Stock photo of a hand picking up a small blue pill

Patricia once had to take a regimen of medications to eat — but not anymore


For years, Patricia’s condition took a toll on her active lifestyle. She and her husband regularly cruised to the Mediterranean, but she had to request early meals just to get through the night. Even at home, Patricia took acid reflux medication every day for GERD and couldn’t eat anything after 5:30 p.m.

“If I did, I would feel it,” she says. “That terrible burning was painful.”

As Patricia’s symptoms got worse and her medication less effective, she decided to see a professional for help. She turned to Sunitha Pudhota, MD, gastroenterologist on the medical staff at Methodist Mansfield. 

Dr. Pudhota ran diagnostic tests to track the movement of food through Patricia’s esophagus and measure her acid reflux. The results showed that Patricia had poor esophageal motility and a hiatal hernia, which occurs when the upper part of the stomach pushes into the chest through an opening in the diaphragm.  

Knowing Patricia would need surgery, Dr. Pudhota referred her to Jeremy Parcells, MD, a general and bariatric surgeon on the hospital’s medical staff.  

“Heartburn is a disease that affects about 20% of the population,” Dr. Parcells says. “What you really want is a nice one-way street. You want to be able to eat, have food go down, and not come back up. When things are out of position and not where they’re supposed to be, it starts to kind of mess with what’s a really elegant system.” 

An educational poster that explains GERD and shows the internal structures of the body when someone has GERD

With GERD, food and acid escape the stomach into the esophagus.


Dr. Parcells told Patricia that in order to repair her hiatal hernia and resolve her GERD issues, he had to perform a Toupet fundoplication, a surgical technique where the upper section of the stomach — called the fundus — is folded and stitched around the esophageal sphincter to reinforce that “one-way street” and help prevent food and acid from moving up the esophagus.  

“He explained to me exactly what the problem was and gave me a copy of every test. I never had to ask for anything,” Patricia says.  

On the day of her procedure, Patricia checked into Methodist Mansfield, the same place where she had her testing done.  

“It’s all right there. It’s a one-stop shop. That’s what’s so nice about it,” she says. 

Dr. Parcells used the robotic da Vinci Surgical System to perform the operation. The advanced technology provided him with better visualization and allowed for more precise movements than conventional laparoscopic approaches.  

“You go from having normal 2D vision to actually having 3D vision,” Dr. Parcells explains. “The instruments provide vastly superior degrees of freedom and motion.
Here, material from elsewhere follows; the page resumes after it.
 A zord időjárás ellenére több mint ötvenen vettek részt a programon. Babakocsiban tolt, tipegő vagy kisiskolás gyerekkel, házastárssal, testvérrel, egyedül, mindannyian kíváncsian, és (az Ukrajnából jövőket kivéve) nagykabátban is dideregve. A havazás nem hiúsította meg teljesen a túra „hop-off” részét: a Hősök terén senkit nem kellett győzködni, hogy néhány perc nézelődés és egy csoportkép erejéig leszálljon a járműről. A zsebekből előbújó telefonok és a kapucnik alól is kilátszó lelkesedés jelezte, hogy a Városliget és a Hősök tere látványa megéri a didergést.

You get the best possible outcome for a patient when you combine a proper workup with someone who’s an experienced expert in this kind of surgery.”

A photograph of a robotically assisted surgery with a robotic machine in the foreground

With the surgical robot, a doctor is always in control but benefits from extra precision and a better view.
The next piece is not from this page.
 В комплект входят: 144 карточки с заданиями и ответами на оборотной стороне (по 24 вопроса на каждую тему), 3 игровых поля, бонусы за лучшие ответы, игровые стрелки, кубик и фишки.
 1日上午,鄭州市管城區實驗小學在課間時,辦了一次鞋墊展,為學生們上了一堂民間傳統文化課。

Within hours of her procedure, Patricia was already home and on the path toward recovery.  

“I had a whole packet of information as to what I could eat for the next few weeks, it was very complete. But if I ever had a question, I could call and a nurse would always have an answer for me,” she says. 

Patricia followed a primarily liquid diet to start and had routine follow-up visits to monitor her health. But before long, she was back in the kitchen — and back on the cruise ship — able to enjoy food again. 

“I can eat at 11 o’clock at night if I want to, and I’d have no problem — no medication necessary,” she says. “Now, whenever we travel, we just do what we want, eat what we want, and go where we want. It just worked out beautifully. I’m so thankful. I’m a happy camper.”